За последние 2 дня в D3 Slack шла эпическая дискуссия. Далее следует мой взгляд на некоторые из поднятых вопросов, некоторые мои собственные животрепещущие вопросы и некоторые идеи решений.

По теме написано: D3 - это не библиотека визуализации данных, Проблема с D3.

Меня особенно заинтриговал вопрос о монолите `‹ script src = ”d3.js” ›` против инструментов сборки + микромодулей D3 + других библиотек. Я действительно не уверен, что является «лучшим» для преподавания / обучения, а также для отработки датавиза и публикации работ для встраивания, но я бы действительно хотел бы в этом разобраться.

Подход D3 Monolith

Я обнаружил, что монолит намного лучше (чем использование NPM и инструментов сборки локально) для обучения D3 новичков веб-разработке, потому что мы можем использовать редактор в браузере, такой как JSBin, Blockbuilder, Observable, или Datavis.tech. Однако (наиболее разумное) высказывание Кристин Генри Зачем кому-то пытаться изучить всю библиотеку? можно перевернуть с ног на голову: Зачем кому-то нужно включать всю библиотеку (236 КБ) на свою страницу?.

Ответы имеют смысл для изучения контекстов, например: «Легче использовать новую функцию API, потому что все функции доступны постоянно» или «Время загрузки страницы не имеет значения, потому что это игрушечный пример». Но как насчет перехода от обучения к созданию и публикации реальных визуализаций?

На этом этапе студенты должны изучить множество новых концепций, касающихся Git, хостинга, NPM, инструментов сборки и импорта ES6, которые, как я обнаружил, ломают их после того, как они освоились с D3 monilith (если они раньше не делали Web Dev).
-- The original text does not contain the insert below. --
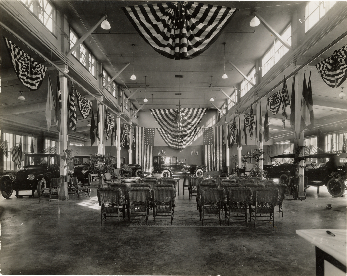 View of Lincoln cars on display in showroom. Rows of wicker chairs in foreground; room is decorated with bunting. Handwritten on back: "Showroom, Lincoln cars 1920-1922. L-R: Body type #104 ~ 4-p. coupe ~ 130" whb ~ body built by Murray. Body type #109 ~ 7-p. town car ~ 136" whb ~ body built by Murray. Body type #104 ~ 4-p. coupe (shown in the white) ~ 130" whb ~ Murray-built. Body type #103 ~ 5-p. phaeton ~ 130" whb ~ body built by Murray. Body type #102 ~ 3-p. roadster ~ 130" whb ~ body built by Murray."

Было много отчаяния и сопротивления, и, в конце концов, около 2% студентов смогли вообще что-то работать без монолита. По крайней мере, это был мой опыт преподавания 10 недель университетской визуализации данных в Вустерском политехническом институте прошлой осенью.

Подход к микромодулям D3

Мне нравится концептуальный прорыв и простота простых функций API D3 (например, `select` вместо` d3.select`), которые появляются, когда вы используете подход микромодулей D3. . Это означает, что вы разрабатываете локально в контексте NPM, устанавливаете и объединяете только отдельные пакеты D3, которые вам требуются, и используете импорт ES6, например import {select} from ‘d3-selection'.

Этот подход имеет ряд преимуществ перед «подходом монолита D3». Во-первых, вы получаете готовую сборку «из коробки», которая загружает на страницу один пакет JS. Это подходит для развертывания «настоящих» визуализаций, которые, как ожидается, будут широко просматриваться или встраиваться в статьи. Кроме того, свобода добавления дополнительных модулей NPM волей-неволей является сцеплением. Но для этого вам нужно заняться инструментами сборки, разрабатывать локально, изучить Git и иметь какое-то решение для хостинга.

Изучение всех этих понятий заранее, до того, как вообще коснуться D3, может занять недели и потерять половину студентов.

Что делать?

Я обсуждаю, что делать с предстоящим онлайн-курсом по визуализации данных, который я преподаю осенью. Кстати, этот курс открыт для всех аспирантов университета; если вам интересно, вы можете предварительно зарегистрироваться здесь.

Мне любопытно, знает ли кто-нибудь об удобной среде редактирования кода на основе браузера, которая позволяет:

- Код только в браузере (никаких локальных инструментов)

- Написать стандартный JS-код (без каких-либо редакторов / специфичных для платформы вещей)

- Используйте импорт ES6 из модулей NPM (например, микромодулей D3)

- Публикация работ в Интернете (аналогично bl.ocks.org)

- Экспорт работает как стандартные проекты на основе NPM

- Встраивание работает на других сайтах (например, Medium или WikiTribune)

?

Я считаю, что это было бы оптимальным решением для обучения D3, потому что студенты будут использовать самые современные и масштабируемые методы кодирования, но смогут создавать визуализации данных, не совершая «большого скачка» по настройке инструментов разработки на местном уровне и изучению внутренней работы конфигураций Webpack Babel и тому подобного.